++++ Dataset ++++
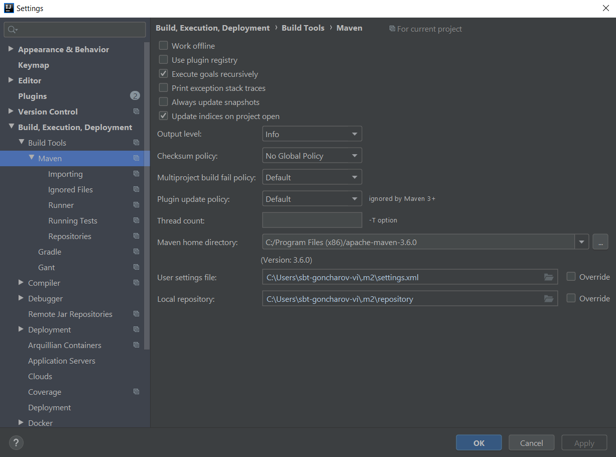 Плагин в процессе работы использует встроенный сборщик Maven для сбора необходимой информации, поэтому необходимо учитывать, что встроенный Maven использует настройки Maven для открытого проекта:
++++
++++ Dataset ++++
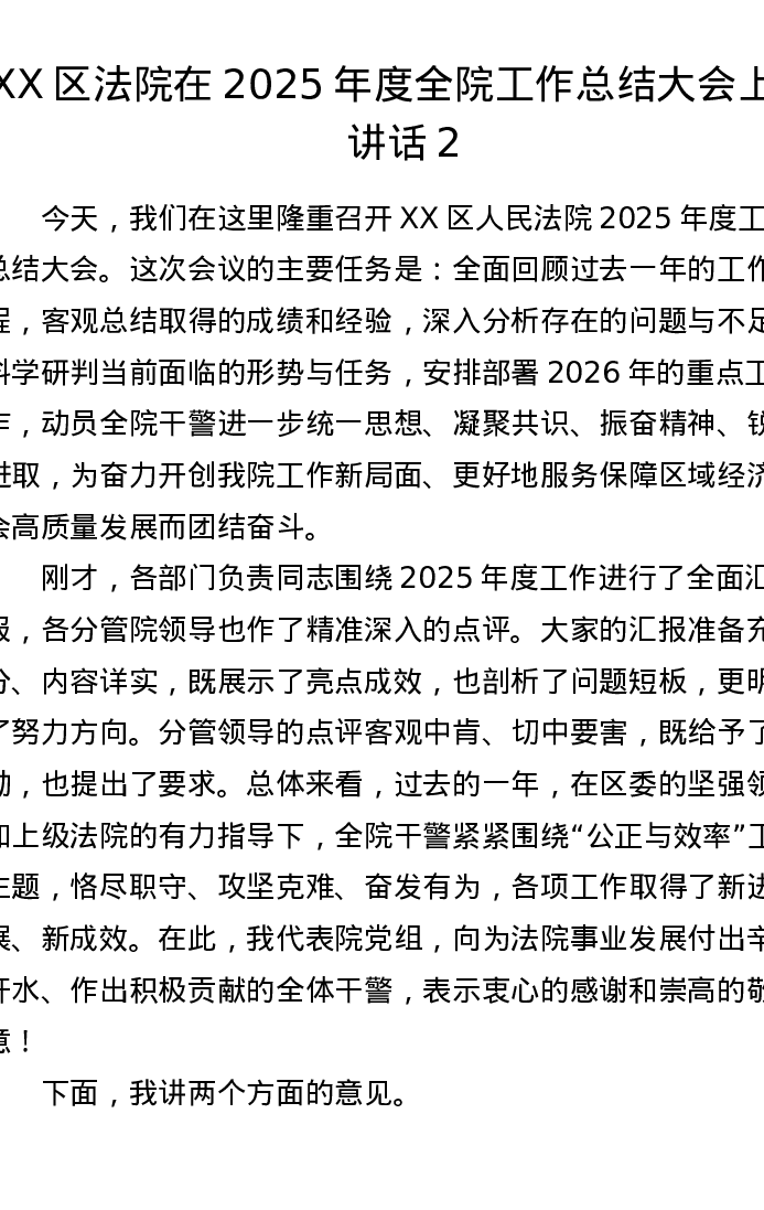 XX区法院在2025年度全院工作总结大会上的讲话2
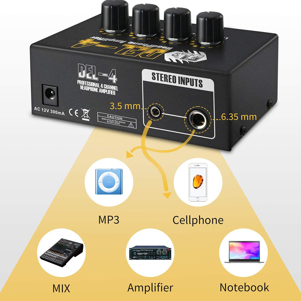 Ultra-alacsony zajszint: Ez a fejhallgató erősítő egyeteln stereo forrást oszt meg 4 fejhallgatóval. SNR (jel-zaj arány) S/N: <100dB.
++++
++++ Dataset ++++
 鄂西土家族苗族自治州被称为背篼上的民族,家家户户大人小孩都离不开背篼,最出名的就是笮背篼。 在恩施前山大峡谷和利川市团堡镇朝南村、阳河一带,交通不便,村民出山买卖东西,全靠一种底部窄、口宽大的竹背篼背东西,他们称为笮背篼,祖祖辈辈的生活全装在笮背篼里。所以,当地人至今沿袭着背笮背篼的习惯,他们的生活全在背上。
++++
Activity: The material above holds pictures; leave them out. Repeat exactly the lines from the one containing "XX区法院在2025年度全院工作总结大会上的讲话2" through the one containing "Ultra-alacsony zajszint: Ez", and nothing else.

Task response:
 XX区法院在2025年度全院工作总结大会上的讲话2
 Ultra-alacsony zajszint: Ez a fejhallgató erősítő egyeteln stereo forrást oszt meg 4 fejhallgatóval. SNR (jel-zaj arány) S/N: <100dB.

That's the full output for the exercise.